To test a connection to another PC or controller, type ping, space, followed by the IP address of the PC or controller.

Network Identification

Each computer on a network must have a unique Computer Name, also known as NetBIOS Name. It is usually a name that describes the use, user, or location of the computer.

Workgroup

To share files in Windows’ My Network Places, the computers should be in the same workgroup or domain. Like the Computer Name, this is accomplished in the Identification section of Windows Network Configuration.

TCP/IP Computer Settings

To set up TCP/IP on a computer, follow the instructions for either Windows 98 or Windows 2000/XP below. The examples assume an IP address of 192.168.1.2, etc.

Windows 98

To set up a computer using Windows98:

1.From the Windows Desktop, right-click on Network Neighborhood, then click on Properties.

2.In the list of Network Components, double-click on TCP/IP.

3.On the IP Address tab, check the circle that says “Specify an IP Address” and type 192.168.1.2 for the IP Address and 255.255.255.0 for the Subnet Mask.

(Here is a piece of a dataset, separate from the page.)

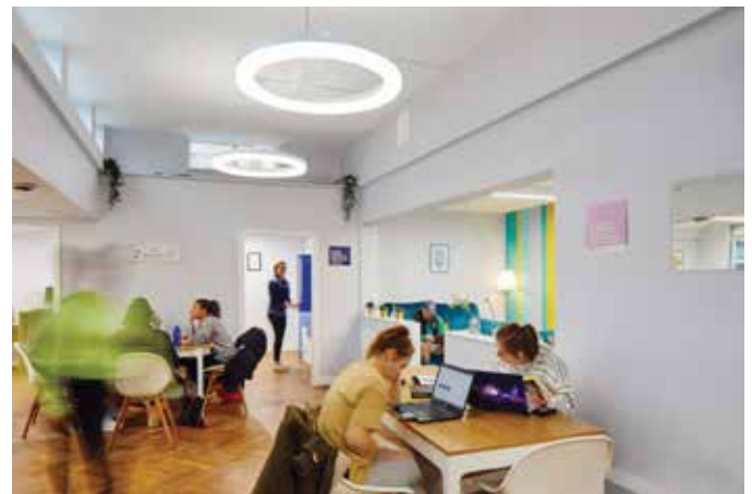
St Mary's University Twickenham, London

4.Set the Computer Name and Workgroup by going to the Identification Tab. Type in a descriptive name for the computer and make the workgroup name CBAS.

5.Click OK and you will be asked if you want to reboot. Close any open programs and click yes to reboot.

Windows 2000 or XP

To setup a computer using Windows 2000 or XP (with Classic View Start Menu and Control Panel):

1.From the Desktop, right-click on My Network Places, select Properties, and then click on Network and Dialup Connections.

2.Right-click on Local Area Connection icon and click Properties.

3.Double-click Internet Protocol (TCP/IP).

4.Check the circle next to “Use the following IP address” and type 192.168.1.2 for the IP address and 255.255.255.0 for the Subnet Mask.

5.Type 192.168.1.1 for the Default Gateway, click OK, and OK again.

6.Click on Advanced on the main menu.

7.Click on Network Identification and then the Properties Button. From here you can change the Computer Name and make the workgroup CBAS.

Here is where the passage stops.